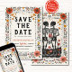 Boho Letterpress Skeleton Tarot save the date Invitation. Discover the delightful blend of our Skeleton and Tarot themes, featuring "The Lovers." Our Skeleton motif, selected for its romantic charm, embodies the timeless journey of soulmates uniting in an everlasting bond. This design transcends the physical realm, symbolizing a love that extends into eternity. Complemented by the mysticism of the Tarot, our invitation offers a playful, colorful aesthetic, ideal for lovers of eternal romance and gothic weddings. A colorful floral frame in letterpress style make the invitation more playful. Enhancing the invitation's elegance are the monograms, showcased on both sides, adding a stylish touch to this enchanting design. The wording is completely editable. You can change size, color, font, position in page.
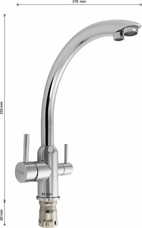 Магнус - Смеситель кухонный, хромированный, С-образный излив, шаровый, с двойным выпуском воды для фильтра, из нержавеющей стали марки 304 информация:
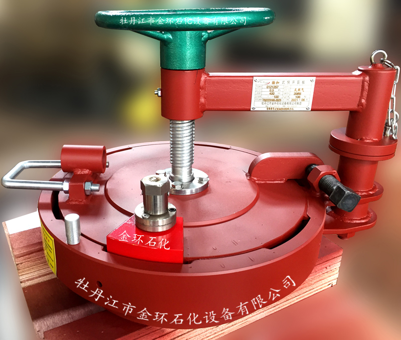 快開(kāi)盲板是用于壓力管道或壓力容器的圓形開(kāi)口上的一種機(jī)械裝置。一般由筒體法蘭、頭蓋、勾圈或卡箍、密封圈、安全聯(lián)鎖機(jī)構(gòu)、開(kāi)閉機(jī)構(gòu)、轉(zhuǎn)臂及短節(jié)(需要時(shí))等部件構(gòu)成。
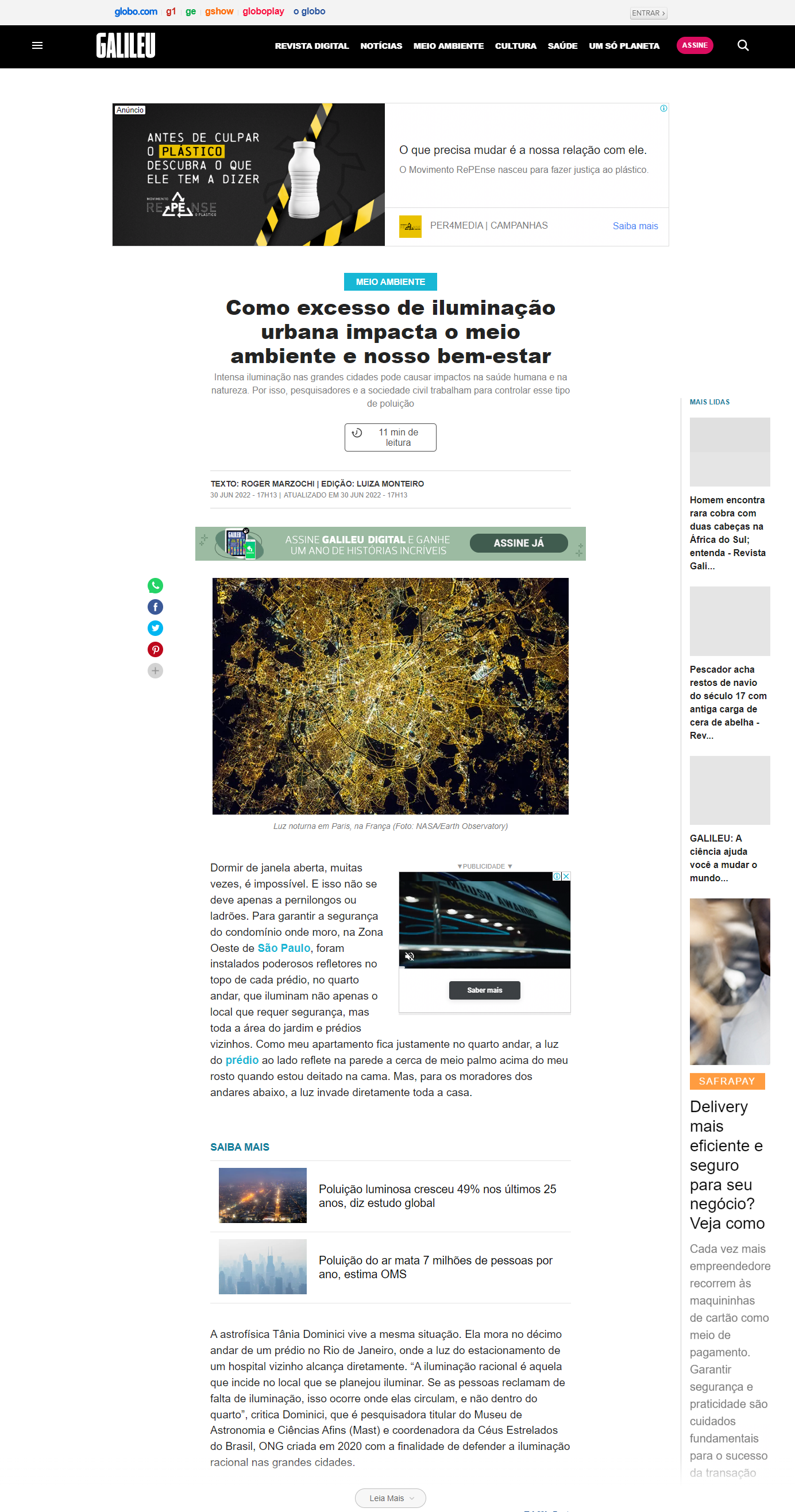 Revista Galileu - MAST na reportagem "Como excesso de iluminação urbana impacta o meio ambiente e nosso bem-estar"
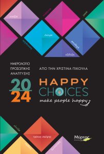 Δεν φτάνει να θέλεις κάτι αρκετά, χρειάζεται και να είσαι συνεπής με τον εαυτό σου σε καθημερινή βάση. Το Ημερολόγιο Happy Choices – Make People Happy που κυκλοφορεί και φέτος από τις Εκδόσεις Μύρτος, θα σε βοηθήσει ακριβώς σε αυτό, να χτίσεις συνέπεια και να αποκτήσεις εμπιστοσύνη απέναντι στον εαυτό σου. Ποιος θα σε βοηθήσει να γίνεις ευτυχισμένη, να έχεις αφθονία και να χτίσεις τα όνειρά σου απολαμβάνοντας την καθημερινότητά σου; Η απάντηση βρίσκεται στη γυναίκα που αντικρίζεις καθημερινά στον καθρέφτη σου. Εσύ!
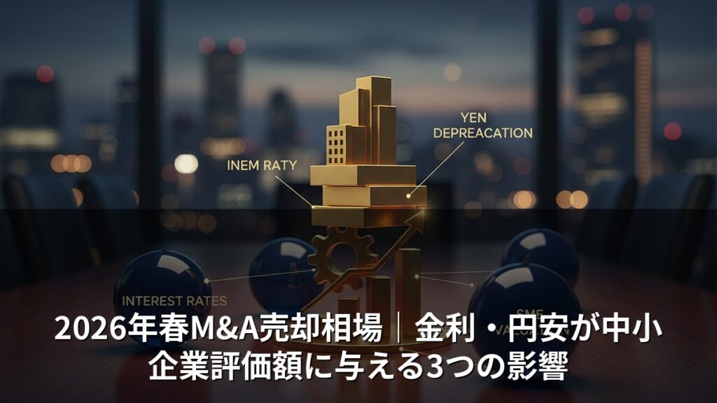 2026年の金利上昇・円安環境でM&A売却相場はどう変わるか。中小企業オーナーが知るべき評価額への3つの影響と、今が売り時かどうかを判断する5つのポイントを実務経験者が解説します。 -
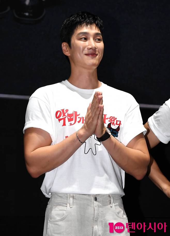 배우 안보현이 15일 서울 강남구 메가박스 코엑스에서 열린 영화 <악마가 이사왔다> 무대인사에 참석하고 있다. 악마가>
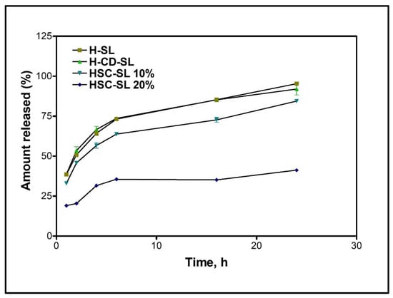 Figure 7 demonstrates the nature of hispolon release from the dialysis bag for H-SL, H-CD-SL, HSC-SL-10%, and HSC-SL-20% formulations at physiological pH 7.4 ± 0.1 at 37 °C ± 0.2. The comparison was made between the conventionally made sterically stabilized H-SL liposomes, SBEβCD in hispolon liposomes (H-CD-SL), and HSC in liposomes (HSC-SL:10% & 20%). H-SL and H-CD-SL showed quick drug release in the first 6 h reaching 73.2 ± 0.89% and 73.6 ± 1.2%. HSC-SL batches with 10% hispolon showed better control up to 63.8 ± 0.38% release after 6 h, whereas HSC-SL-20% surprisingly sustained the drug and released 35.6% in 6 h. H-SL and H-CD-SL released 95.3 ± 0.66% and 92.0 ± 3.8% of hispolon by 24 h, respectively, whereas the HSC entrapped liposomal formulations showed 84% and 42% release for HSC-SL-10% and HSC-SL-20%. The drug loading was increased, keeping the phospholipid and cholesterol content constant. Similar alteration of drug loading and cyclodextrin, by Lin et al., showed improved retention of the drug inside tumor cells using butylidenephtalide cyclodextrin complexes inside glioblastoma cells []. Chen et al. demonstrated that hydrophobic drugs, like indomethacin, once trapped inside an aqueous core, result in stable encapsulation, and interaction between the drug and bilayers could be avoided to prolong the hydrophobic drug release []. Liposomes trapping stable complexes could allow encapsulation of both free drugs and complexed drugs, which could, eventually, improve the potency and duration of the drug’s therapeutic effect [].
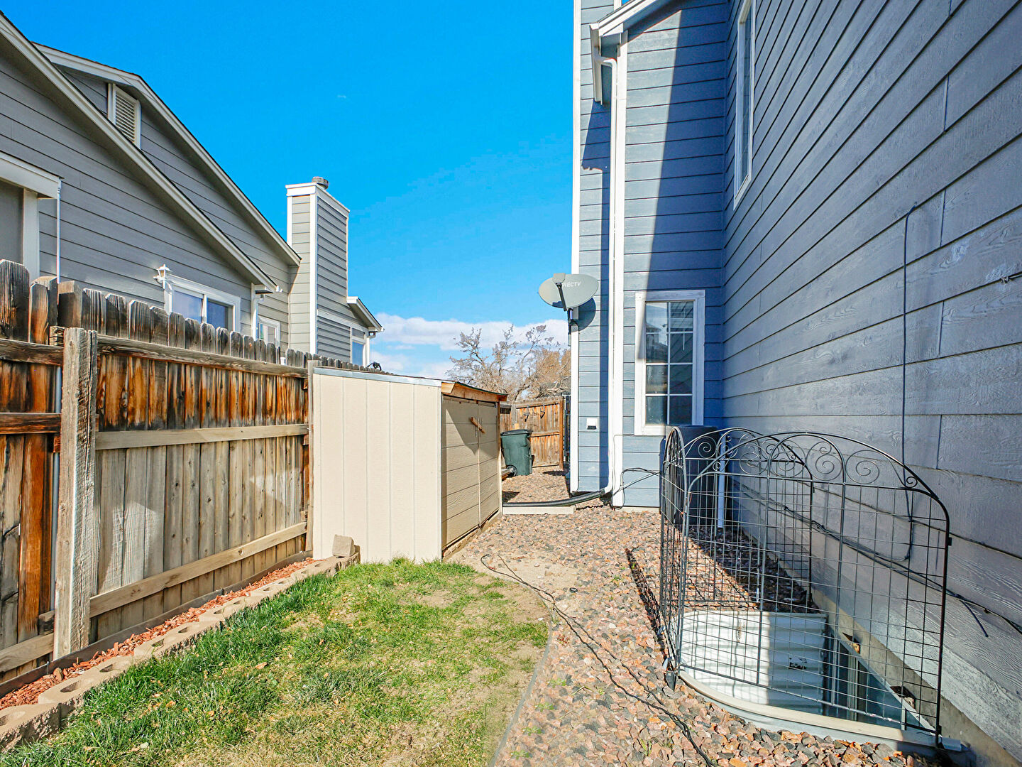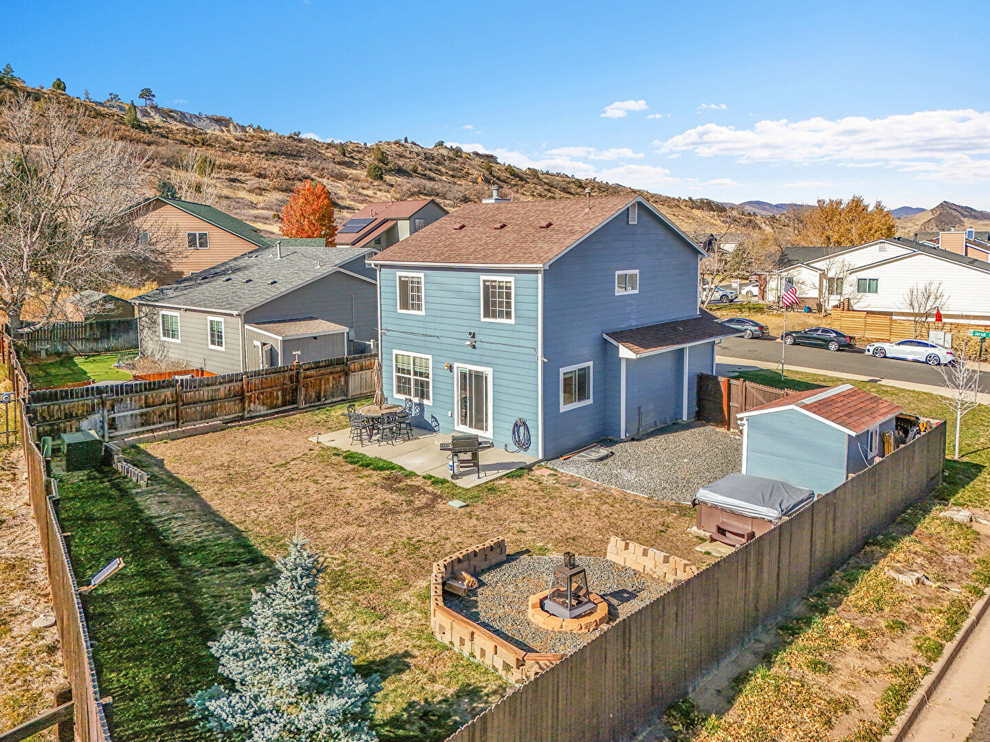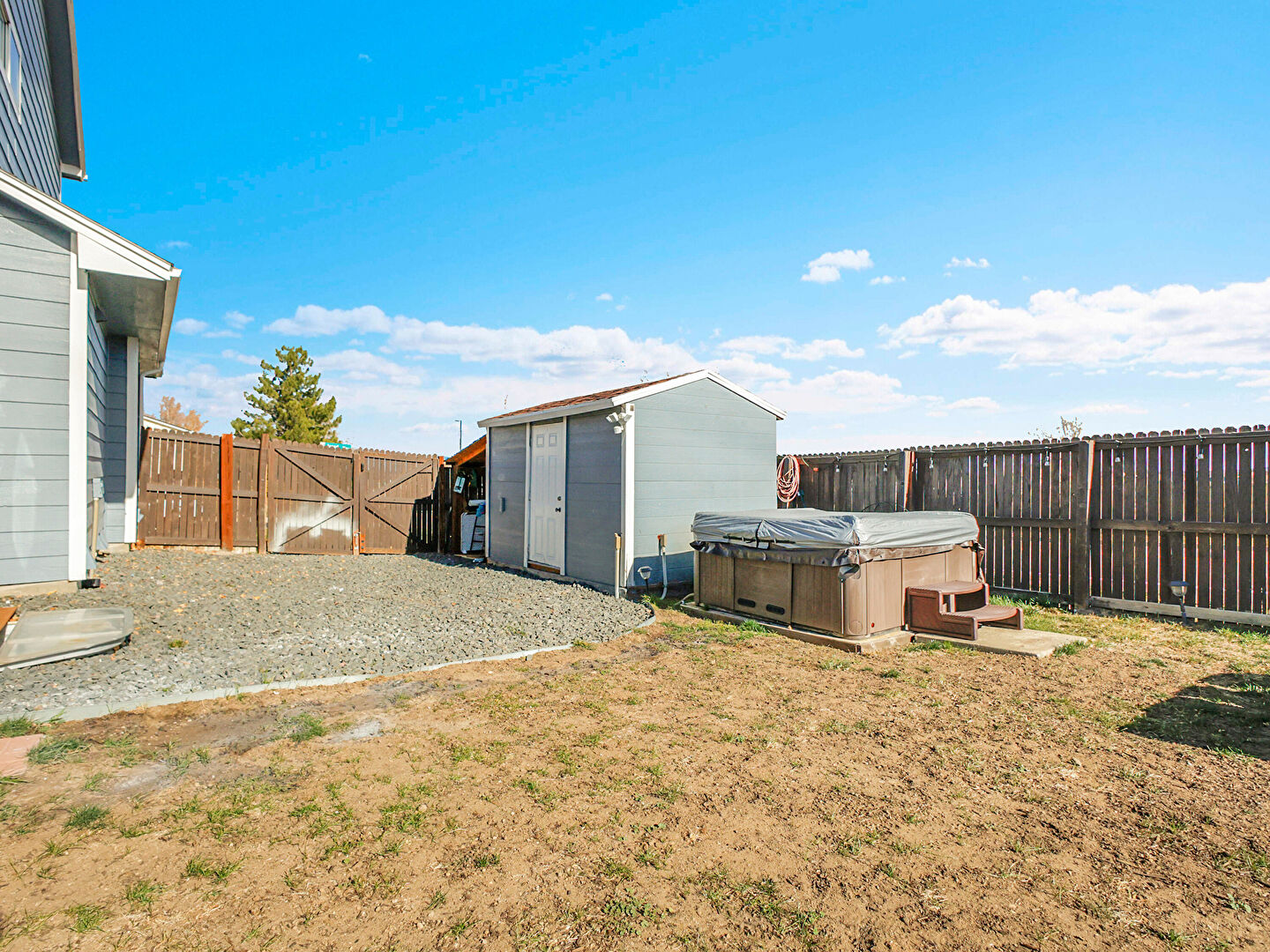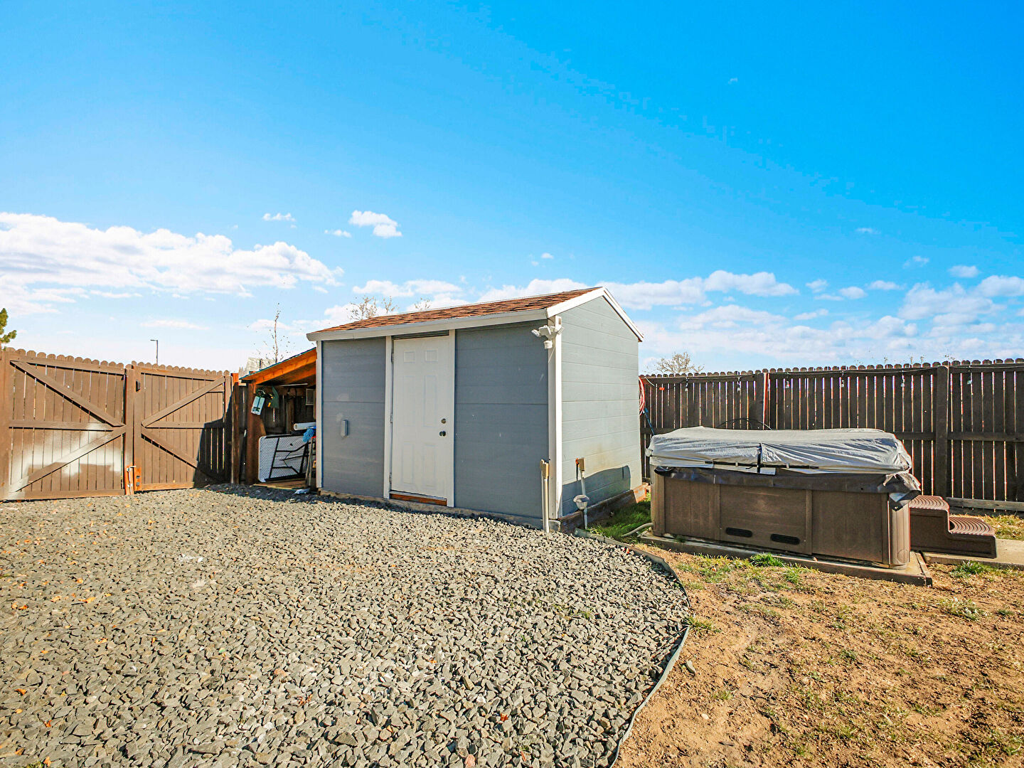 Fence, Gate, Grill, Lawn, Outdoor Structure, Patio, Satellite Dish, Shed, Water Meter, Fire Pit, Hot Tub, Patio, Residential View

------

AIM OF THE TASK:
In the entries above, every line from the line with "Магнус - Смеситель" to the line with "배우 안보현이 15일" is to be printed exactly, with both ends included and pictures excluded.

RESPONSE:
 Магнус - Смеситель кухонный, хромированный, С-образный излив, шаровый, с двойным выпуском воды для фильтра, из нержавеющей стали марки 304 информация:
 快開(kāi)盲板是用于壓力管道或壓力容器的圓形開(kāi)口上的一種機(jī)械裝置。一般由筒體法蘭、頭蓋、勾圈或卡箍、密封圈、安全聯(lián)鎖機(jī)構(gòu)、開(kāi)閉機(jī)構(gòu)、轉(zhuǎn)臂及短節(jié)(需要時(shí))等部件構(gòu)成。
 Revista Galileu - MAST na reportagem "Como excesso de iluminação urbana impacta o meio ambiente e nosso bem-estar"
 Δεν φτάνει να θέλεις κάτι αρκετά, χρειάζεται και να είσαι συνεπής με τον εαυτό σου σε καθημερινή βάση. Το Ημερολόγιο Happy Choices – Make People Happy που κυκλοφορεί και φέτος από τις Εκδόσεις Μύρτος, θα σε βοηθήσει ακριβώς σε αυτό, να χτίσεις συνέπεια και να αποκτήσεις εμπιστοσύνη απέναντι στον εαυτό σου. Ποιος θα σε βοηθήσει να γίνεις ευτυχισμένη, να έχεις αφθονία και να χτίσεις τα όνειρά σου απολαμβάνοντας την καθημερινότητά σου; Η απάντηση βρίσκεται στη γυναίκα που αντικρίζεις καθημερινά στον καθρέφτη σου. Εσύ!
 2026年の金利上昇・円安環境でM&A売却相場はどう変わるか。中小企業オーナーが知るべき評価額への3つの影響と、今が売り時かどうかを判断する5つのポイントを実務経験者が解説します。 -
 배우 안보현이 15일 서울 강남구 메가박스 코엑스에서 열린 영화 <악마가 이사왔다> 무대인사에 참석하고 있다. 악마가>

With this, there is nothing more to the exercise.